The most popular type of meat by far in Japan is pork. Nearly as much pork is consumed as chicken and beef combined. It is particularly popular in Okinawa, Kyushu, and the Kanto area. My mother was born in Saitama Prefecture in the 1940s, and she doesn't remember eating beef except as a very special treat while she was growing up; she didn't eat even the humble gyūdon (beef on rice) on a regular basis until she moved to Tokyo as an adult. Pork was the meat that appeared regularly on the dinner table.

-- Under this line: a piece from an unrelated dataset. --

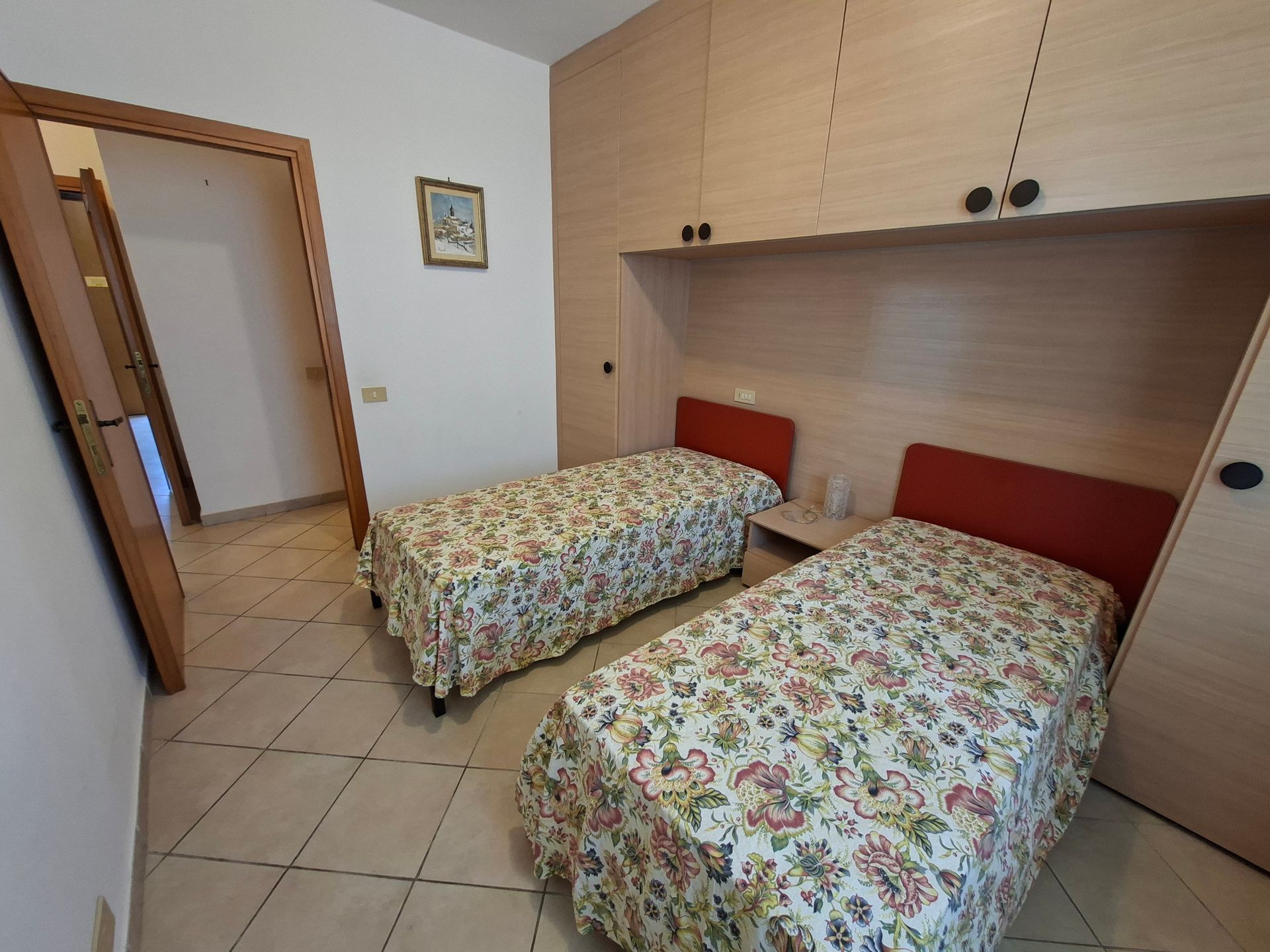 Appartamento al piano terra rialzato composto da : soggiorno con angolo cottura e divano letto matrimoniale, bagno con doccia, camera matrimoniale, camera con due letti singoli, ripostiglio. Tv e microonde. Terrazza pranzabile con lavatrice. Posto auto esclusivo per un auto. L'appartamento si trova vicino a tutti i servizi e dista 250m dal mare. Ottima posizione

If there is one dish that managed to spread the popularity of pork more than any other, it's tonkatsu — a breaded and deep-fried pork cutlet or filet, akin to European dishes such as the schnitzel. The name itself combines the Japanese word for pig — ton — with a shortened version of the English word "cutlet" (via the Japanese pronunciation). While katsuretsu, breaded cutlets fried in butter, appeared in an 1895 cookbook, the cooking method was soon changed to involve deep-frying in vegetable oil, which was considered more efficient and economical and better suited to Japanese tastes.

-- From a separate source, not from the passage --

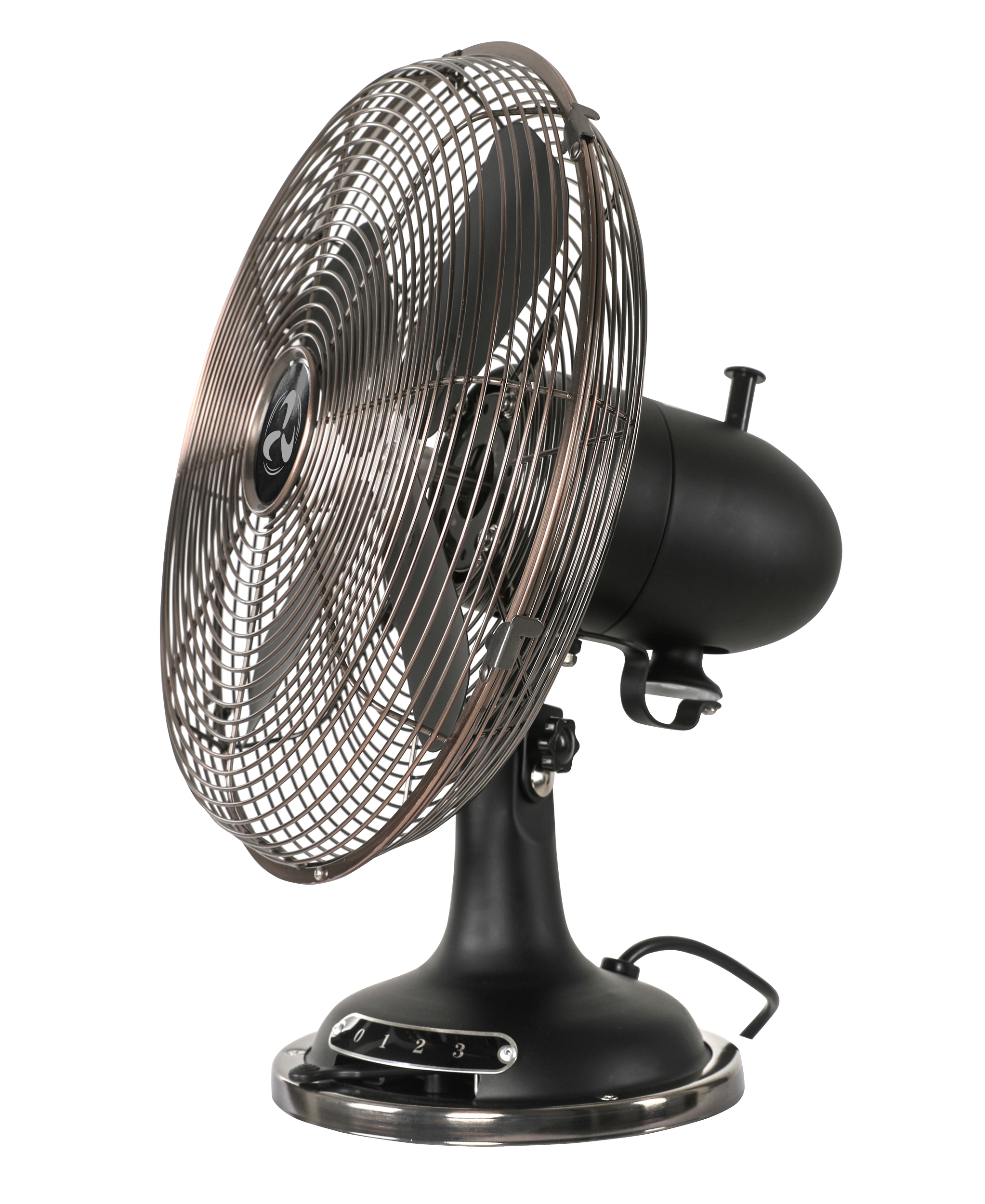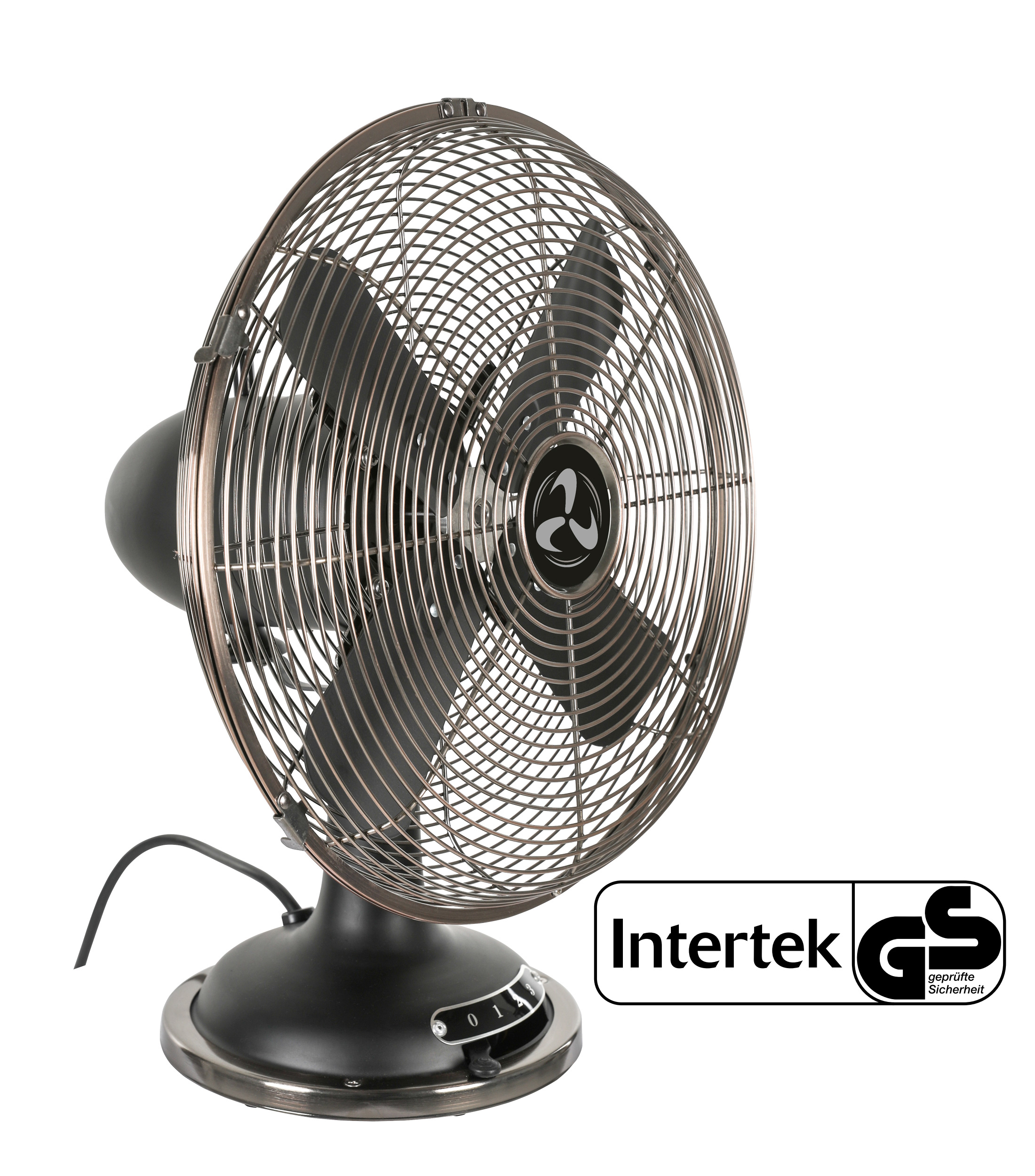 CasaFan TRADITION TV 30 II CH, Tischventilator, Gehäuse und Korb matt schwarz, Metallausführung, Aluminiumflügelrad, 220-240 V ~ 50 Hz, Motor 37 Watt, max. 1.321 U/min, 424 mm hoch, Flügelrad Ø 300 mm, 3 Stufen per Hebelschalter, vertikale Neigung einstellbar, 85°-Oszillation, kippsicherer Standfuß mit Gummifüßen, abnehmbares Schutzgitter, 1,8 m Gummischlauchleitung H05RN-F G 3 1,0 mm² mit Schutzkontaktstecker, zertifiziert nach Maschinenrichtline 2006/42/EC Teil 1 für die Verwendung im Gewerbe.
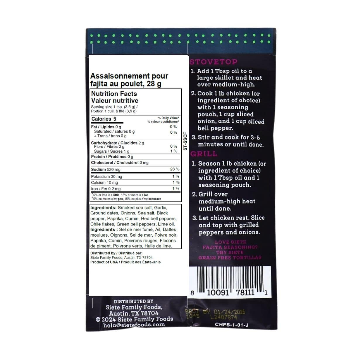 Let your skillet become the stage for Siete’s chicken fajita seasoning–the star performer, delivering a sizzling symphony of authentic smoky goodness. Every sprinkle of this fajita spice mix bursts with the bold flavours of a star-studded lineup of ingredients. The first act brings in smoked sea salt, and cumin, accompanied by fiery chili flakes. And when that settles down, cue the subtle sweetness of red and green bell peppers and ground dates to tie it all together in perfect harmony–it’s like a well-tuned mariachi band, hitting all the right notes! And with no added sugar, Siete’s fajita seasoning isn’t just bringing the heat, they’re bringing the whole enchilada–or should we say fajita!

Unlike curry rice and other yōshoku or Western-influenced Japanese dishes that evolved during the late 19th to mid 20th century, tonkatsu was embraced by more traditionally Japanese eateries such as soba restaurants, which were losing business to newfangled European-style restaurants. They saw tonkatsu as something they could make cheaply and easily that was substantial and filling. Several dedicated tonkatsu restaurants cropped up around the 1920s to '40s, with even more opening in the '50s and '60s, after World War II — the big boom period for tonkatsu. Several still thrive, such as Ginza Bairin (established in 1927, and now with branches in Hong Kong, Singapore and Hawaii) and Maisen in Aoyama (founded in 1965 by one woman, and now one of the largest sellers of ready-made tonkatsu products nationwide).